8. Privacy by Design & Default
An important requirement of the GDPR is ‘Privacy by Design’. This refers to an approach to GDPR compliance whereby data privacy is implemented from the start and maintained throughout the complete development process of the project, procedure, or business policy.

The requirement does not mean that regulators will examine at what stage of the process the company implemented data protection process. It means that the regulatory authority will evaluate whether the company has complied with the law in its entirety. The company must show what measures and controls have been implemented to ensure complete compliance with the data protection laws.

Companies who collect private data of EU citizens are also required to conform to the ‘Privacy by Default’ requirement.
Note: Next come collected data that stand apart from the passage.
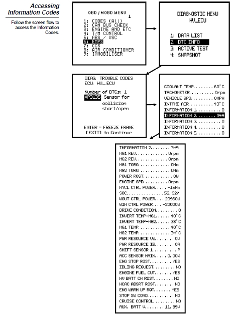 Unter Berücksichtigung der absehbaren technologischen Entwicklungen und der schon heute die Facharbeit im Kfz-Handwerk kennzeichnenden Aufgaben lassen sich einige kontinuierliche Fortschreibungen von Qualifikationsanforderungen erwarten. So werden Montage- und Demontagevorgänge von modularen Fahrzeugkomponenten weiterhin eine Rolle spielen und bei der Diagnose wird der Zugang zu den erforderlichen Systemzuständen zur Beurteilung des Funktionszustandes wie für die Diagnoseprozesse mit Hilfe von Diagnosesystemen im Vordergrund stehen. Dies ist auch heute schon bei weit im Markt verbreiteten Hybridfahrzeugen erkennbar. So wird beim Toyota Prius analog zur Diagnose von Verbrennungsmotoren der Elektromotor anhand von Kennwerten über Datenlisten und Fehlercodes (Diagnostic Failure Codes – DTCs) beurteilt und daraus im Anschluss das geeignete Reparaturverfahren bestimmt (vgl. Abb. 4). Die Diagnoseaufgaben verändern sich also nicht gravierend und so verwundert es nicht, dass es zwar Produktschulungen bei Toyota für Kfz-Mechatroniker gibt, um die Arbeitsaufgaben am neuen Hybridfahrzeug zu schulen, sich diese aber kaum von Produktschulungen anderer Neuerungen unterscheiden. Jedenfalls spielt die Hochvolttechnologie in der bisherigen Arbeitspraxis keine hervorzuhebende Rolle – von der Arbeitssicherheit einmal abgesehen. Arbeiten im Umfeld der elektrotechnischen Komponenten selbst fallen im Werkstattalltag nicht an. Messungen an diesen werden nicht im Sinne elektrotechnischer Messungen durchgeführt (etwa Kennlinien von Kondensatoren oder Leistungstransistoren (Insulated Gate Bipolar Transistoren – IGBT messen). Stattdessen werden aus diesen für die Beurteilung des fahrzeugspezifischen Systemzustands geeignete fahrzeugtechnische Kennwerte gebildet. Werden Messungen und andere Zugänge im Betriebszustand des Fahrzeuges notwendig (also unter Hochspannung), dann werden berührungslose Messverfahren eingesetzt. Auch der Umgang mit solchen Instrumenten ist für Kfz-Mechatroniker nichts prinzipiell neues, werden doch Messungen an HV-Zündanlagen mit entsprechenden Tastköpfen (Spannungsmesszangen) und Hochstrommessungen in der Startanlage oder am Generator mit geeigneten Stromzangen durchgeführt.
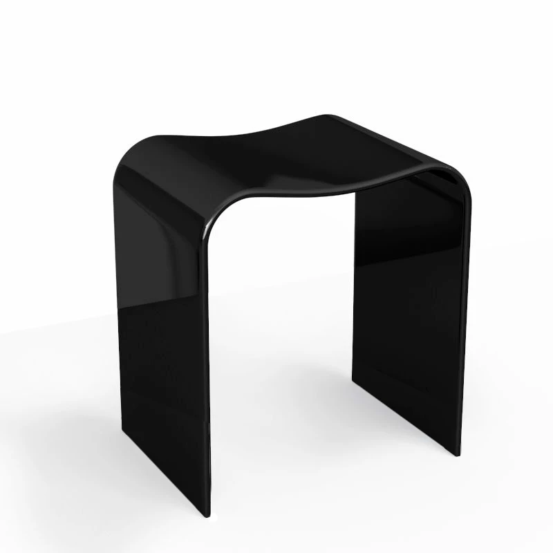 Tabouret de salle de bains en acrylique noir. En plus de son design moderne et élégant, il est totalement étanche et peut ainsi être utilisé sous la douche. Dimensions : 40x30x43cm.
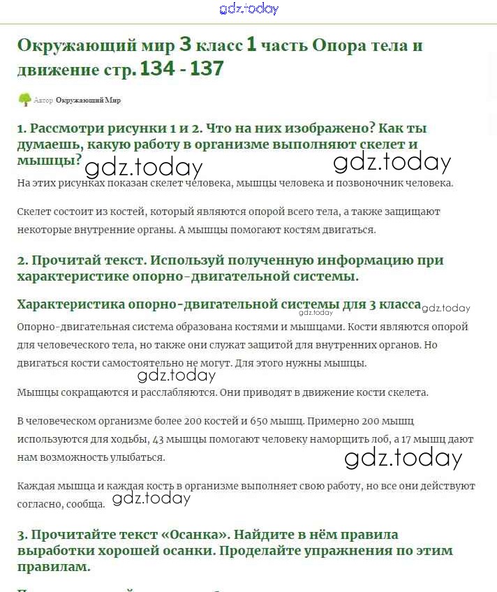 На страницах сайта gdz.today вы найдете учебный и вспомогательный материал, направленный на улучшения знаний школьной программы. ГДЗ - онлайн мир знаний Мы и наше здоровье Решение к части 1 134 Учебнику по Окружающему миру для 3 класса Плешаков Просвещение Школа России 2017

A data controller must ensure that only those private data are used that are necessary for a specific purpose. Also, the data must not be retained for more than the duration that is deemed necessary for a particular purpose.

9. Accountability
One of the main requirements of GDPR is that every company that collects data of EU citizens is accountable for noncompliance. In other words, companies are responsible for demonstrating that they fully comply with GDPR.

As an example, companies need to show records of private data that have been processed. They need to show permission was obtained for the use of information. Financial companies need to verify whether the data processing was in accordance with GDPR obligations.

10. Third Party Use of Data
Lastly, financial businesses must monitor personal information for which permission has been obtained from users and inform them about the use of data by third parties. The third parties can be partners, suppliers, or local regulatory authority. It’s important to understand the risks involved in transferring data to third parties and ensure that privacy of user data is maintained.

Conclusion
The GDPR allows the EU regulatory body to take action against a company for non-compliance with regulations regarding data privacy. The latest legislation is one of the toughest data privacy regulations to date. Setting up a comprehensive program to streamline GDPR compliance is necessary for all types and sizes of financial and leasing businesses.

A company that collects information about EU citizens is required to ensure complete compliance with the data protection rules. In order to avoid hefty fines for not complying with the GDPR laws, financial and leasing companies must identify user data capture and access points.

Also, it’s important to collaborate with users to ensure easy access to the use of personal information. There should also be policies to remediate issues regarding breach of personal data. Not taking any action in this regard will not only cause great financial burden, but also erode the confidence of customers in the region.